In setting limits, your actions should speak louder than your words. Don't become a toothless tiger like the parent in c or a pushover like the parent in e. However, don't be an authoritarian mom like the parents in a and d. And don't ever give confusing signals to your child like the parent in b. So, the correct answer is (drum roll) f.
In setting limits the positive parenting way, it is important that you enforce the rules unless your child has a genuine reason for not obeying the rules, for example if his father had made him clean his room until 4 o'clock, or he had fallen out of the window and is comatose. However, don't shout, spank, ridicule, nag or insult your kids. A silent parent who means business is better than one who is a raging bull. Think Clint Eastwood in The Good, The Bad, And The Ugly.
Routines and Setting Limits Go Hand in Hand
When setting limits, the best way to ensure that your children follow them is to have routines. You could have a bedtime routine, a house-cleaning routine, a homework routine and so on. Routines will give a sense of security to your children.
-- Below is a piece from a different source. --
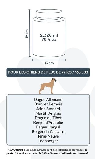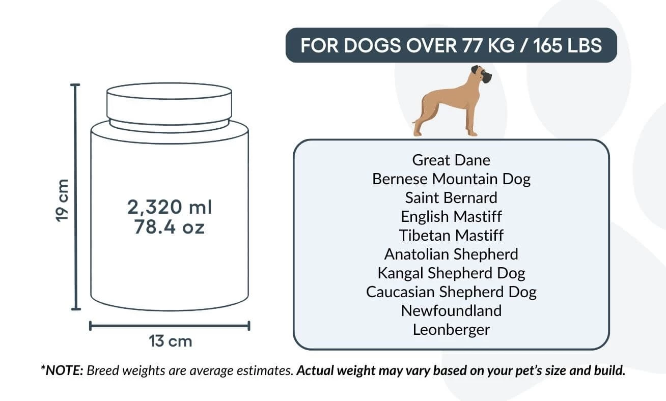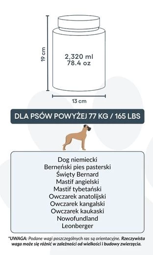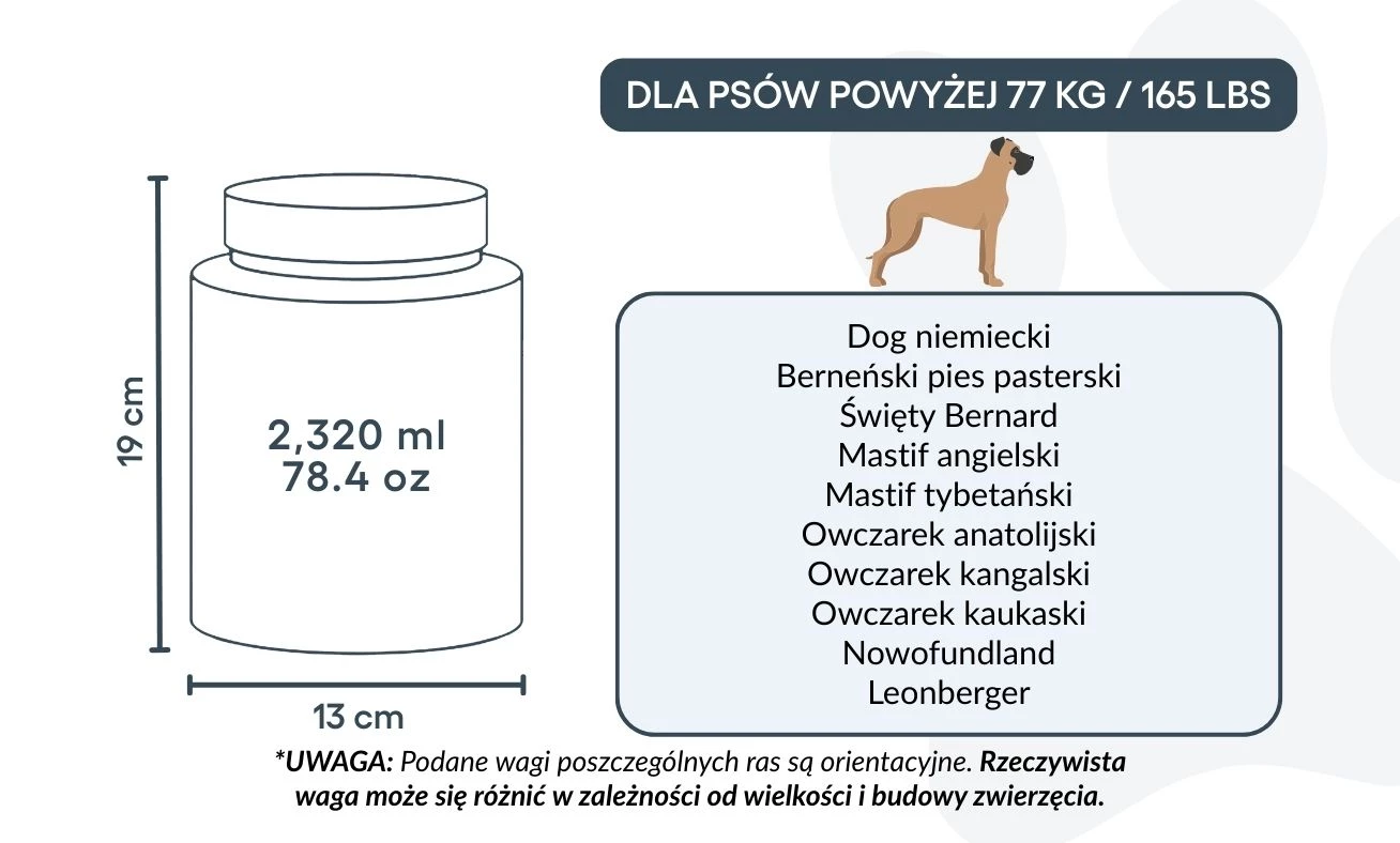 13 cm (Szer.) × 19 cm (Wys.) × 13 cm (Dł.) | ok. 2 320 ml / 78,4 oz – odpowiednia dla psów do ok. 77 kg / 165 lbs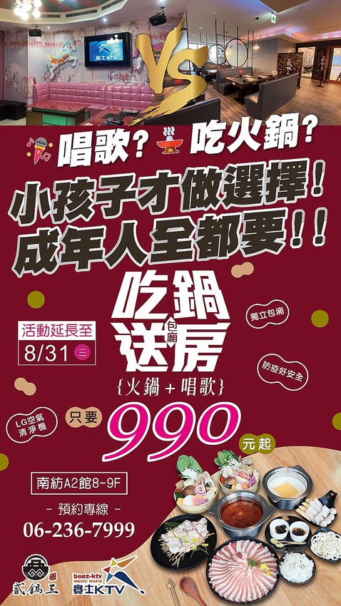 貳鍋三火鍋&賓士ktv南紡店 點貳鍋三火鍋就送賓士ktv南紡店兩小時歡唱,邊吃鍋邊唱歌$990起,多款風格包廂、主廚熬煮湯頭,包廂內有空氣清淨機。

Over time, they will naturally do the tasks without your having to remind them. Your children will feel that this is the way things are done in their home. There is no room for argument. It certainly beats nagging and shouting matches. Be realistic about the amount of time it will take your child to finish a routine. For example, if it would take your child 15 minutes to prepare the table for dinner then set the routine to begin 15 minutes before dinnertime. Nelsen, Lott and Glen in Positive Discipline A-Z recommend creating routine charts with photos of your kids doing the tasks. Your kids will love it. The book also suggests that you let your kids participate in creating the chart, sticking their photos and brainstorming the things they could do for each routine. For example, brushing their teeth, hugging their parents, putting on their pajamas, having a bedtime story read to them could be part of a bedtime routine. Of course, you could add in anything that they might have missed and put the tasks in the correct order. Who said raising kids is tough work? Setting limits will never be the same again after you put our parenting guide into action. Try it today!